2.2. Statistical analysis
Continuous variables are presented as mean ± standard deviation or as median and interquartile range (IQR), according to the distribution. Continuous variables were analyzed using multivariate regression analysis. Categorical data are presented as frequencies and percentages and were compared with the χ 2 test. To compare the different outcomes of various types of cancer, the Student t test was employed. Longitudinal survival was estimated by Kaplan‐Meier analysis. Differences in survival curves were analyzed and nonparametrically distributed variables were compared with the logrank test. Factors influencing the patients' survival were identified with the multivariate Cox proportional hazard model. Only those variables that displayed a significant association with mortality in a univariate analyses were included for the multivariate model. P < .05 was considered to be significant. Statistical analysis was conducted using IBM SPSS for Windows version 25.0.
3. RESULTS
A total of 59 patients were eligible for inclusion. Baseline characteristics of the patients are shown in Table 1. The group consisted predominantly of women (78%) with a median age of 70 years at the moment of surgery. The majority of included patients was diagnosed with breast cancer (n = 43), followed by Hodgkin and non‐Hodgkin lymphomas (n = 10 and n = 3, respectively), lung cancer (n = 2), and one case of an extragonadal germ cell tumor located in the thorax. Twenty‐one patients (35.6%) had been treated with chemotherapy in the past. Preoperative echocardiographic findings are shown in Table 2.
Table 1.
Characteristic | Total (n = 59) |
---|---|
Age at surgery, y | 70 (65‐76) |
Sex (n, %) | |
Female | 46 (78) |
Smoking (n, %) | |
Never | 36 (61) |
Ex‐smoker | 11 (18.6) |
Current smoker | 8 (13.6) |
Body mass index (kg/m²) | 26.1 (23.6‐28.3) |
Comorbidity (n, %) | |
Hypertension | 41 (69.5) |
Diabetes mellitus | 15 (25.4) |
COPD | 8 (13.6) |
Cardiovascular comorbidity (n, %) | |
Atrial fibrillation | 13 (22.0) |
Myocardial infarction | 8 (13.6) |
Myocardial infarction, <90 d | 7 (11.9) |
TIA | 4 (6.8) |
Stroke | 1 (1.7) |
Peripheral vascular disease | 2 (3.4) |
Pacemaker | 2 (3.4) |
Coronary artery disease (number of arteries) | |
0 | 24 (40.7) |
1 | 11 (18.6) |
2 | 5 (8.5) |
3 | 19 (32.2) |
NYHA classification (n, %) | |
1 | 3 (5.1) |
2 | 32 (54.2) |
3 | 21 (35.6) |
4 | 3 (5.1) |
Euroscore | |
I—Standard | 6.07 ± 2.25 |
I—Logistic | 5.5 (3.5‐7.9) |
II | 2.4 (1.4‐4.0) |
Prior cardiac intervention (n, %) | |
PCI | 13 (22.0) |
Ablation | 1 (1.7) |
CABG | 2 (3.4) |
Valve | 1 (1.7) |
CABG + valve | 1(1.7) |
Other | 2 (3.4) |
ASA score at surgery (0‐4) | 2.89 ± 0.41 |
Preoperative creatinine (μmol/L) | 82 (67‐92) |
Note: Data are presented as n (%), mean ± SD, or median (interquartile range).

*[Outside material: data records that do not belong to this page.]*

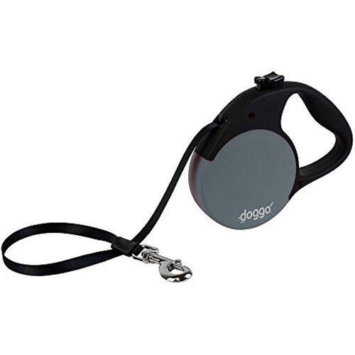 Doggo Everyday Retractable Dog Leash, 16' Long Belt, Large for Dogs Up to 110 lbs, Grey with Black Soft Grip Handle
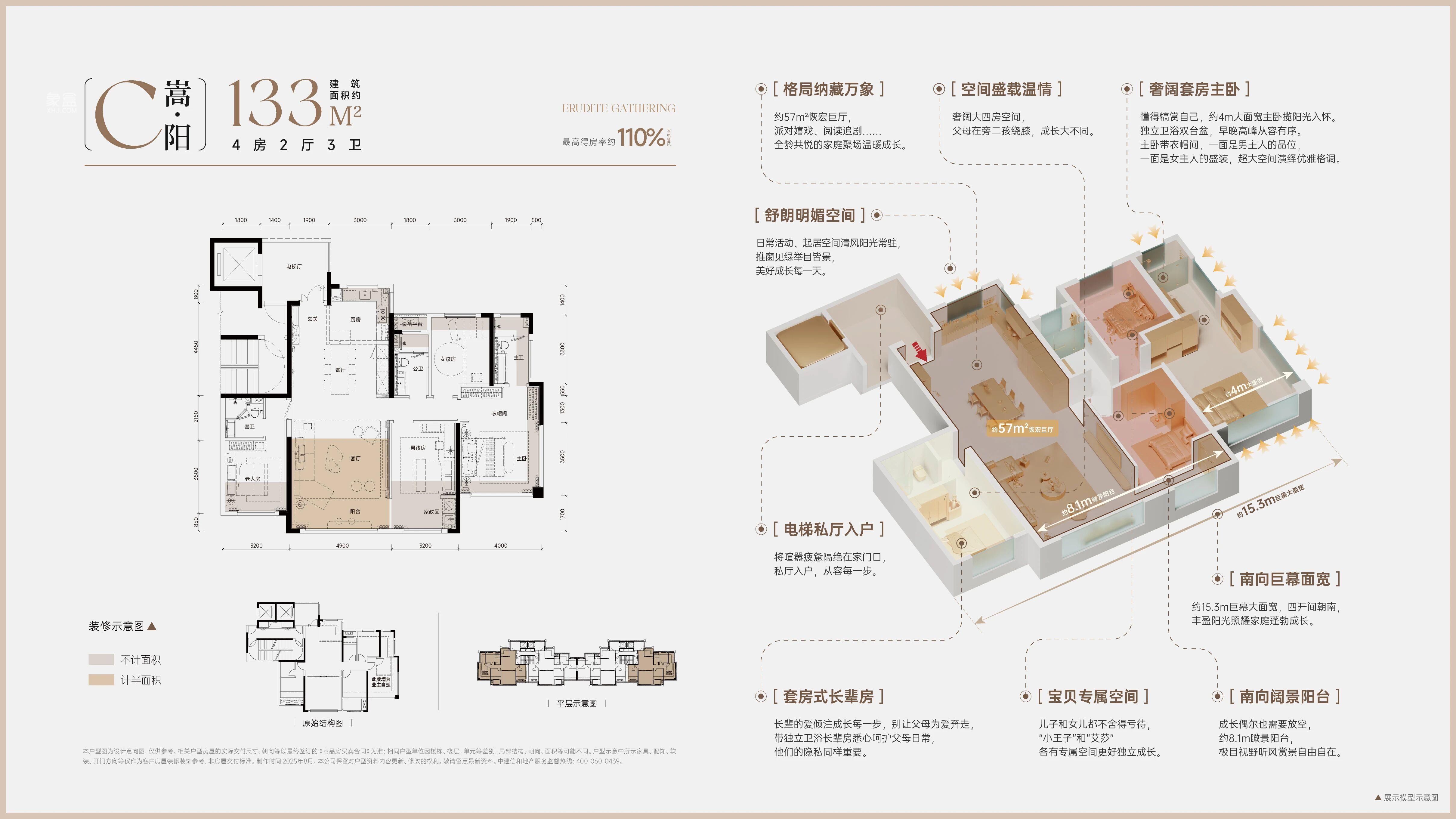 • 嵩阳C:4室2厅3卫1厨       面积:约133㎡
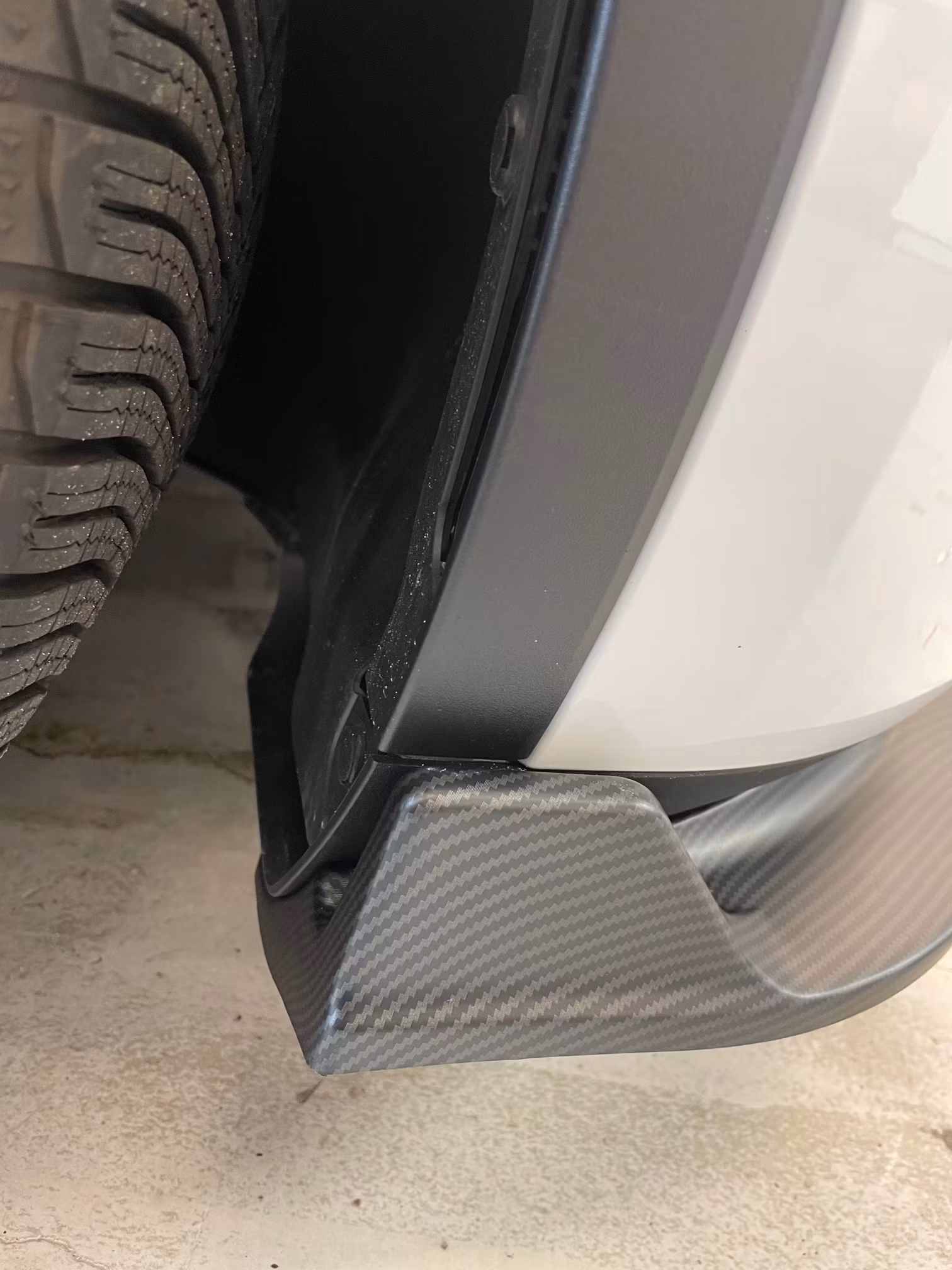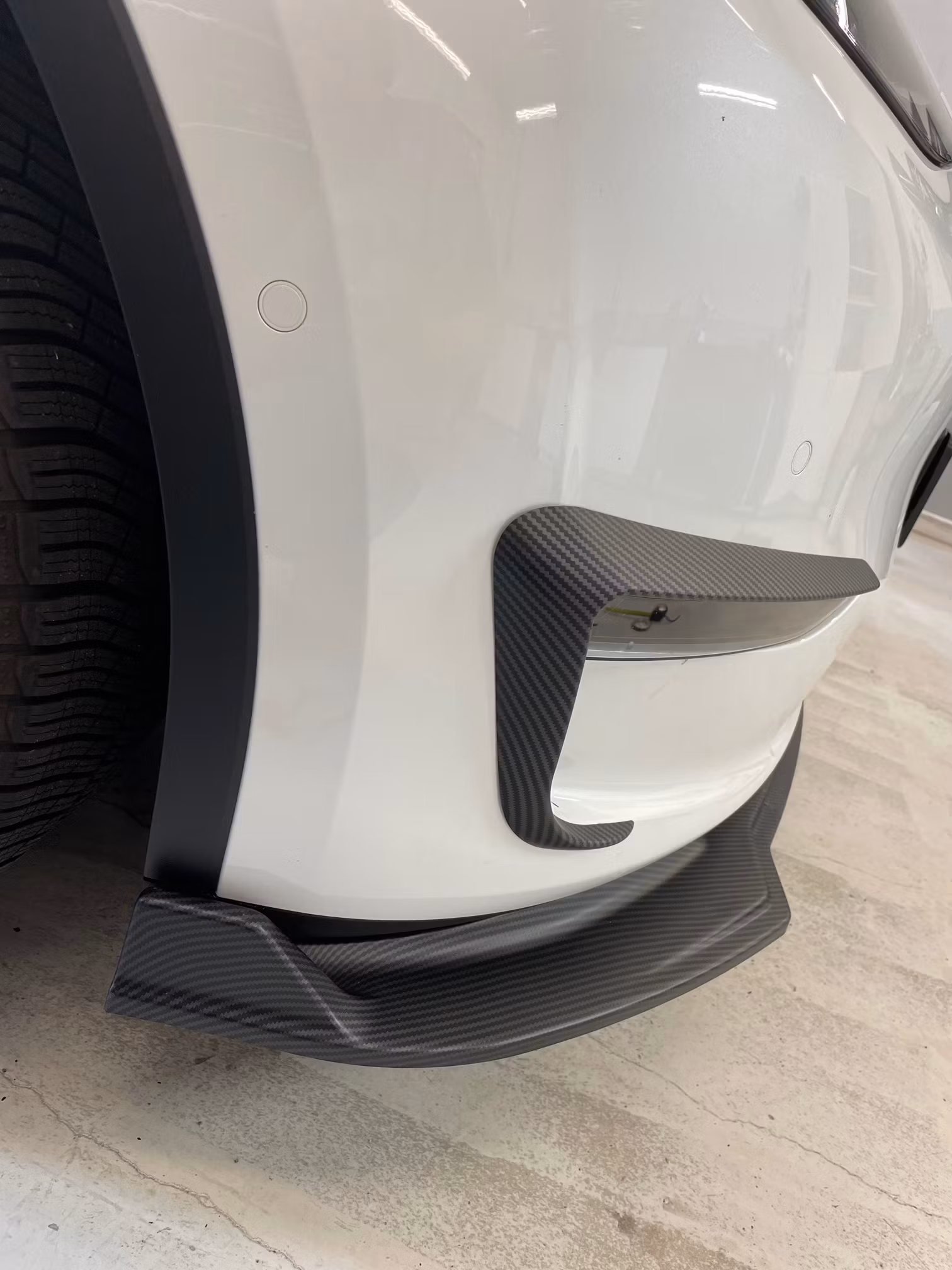 Tyylikäs etuspoileri matta hiilikuidusta kolmessa osassa, jonka voit helposti asentaa Tesla Model Y:seen saadaksesi urheilullisemman ja viileämmän ilmeen.

Abbreviations: AF, atrial fibrillation; ASA, American Society of Anesthesiologists score; CABG, coronary artery bypass grafting; COPD, chronic obstructive pulmonary disease; NYHA, New York Heart Association (functional class preoperatively); PCI, percutaneous coronary intervention; TIA, transient ischemic attack.
Table 2.
Characteristic | Total (n = 59) |
---|---|
Left ventricular function (ejection fraction; n, %) | 58/59 a |
Normal (>50%) | 42 (71.2) |
Mildly impaired (40%‐49%) | 14 (23.7) |
Moderately impaired (25%‐39%) | 2 (3.4) |
Severely impaired (<25%) | ⋯ |
Aortic stenosis (peak gradient in mm Hg) | 67.6 (56.2‐87.8) |
Aortic stenosis (mean gradient in mm Hg) | 37.5 (30.8‐42.8) |
Aortic valve area, cm² | 0.72 (0.69‐0.84) |
Aortic regurgitation (grades 0‐4) | 1.02 ± 1.00 |
Mitral regurgitation (grades 0‐4) | 1.33 ± 1.23 |
Tricuspid regurgitation (grades 0‐4) | 0.86 ± 1.07 |
Note: Data are presented as n (%), mean ± SD, or median (interquartile range).
Denominator represents number of patients for whom this information was known.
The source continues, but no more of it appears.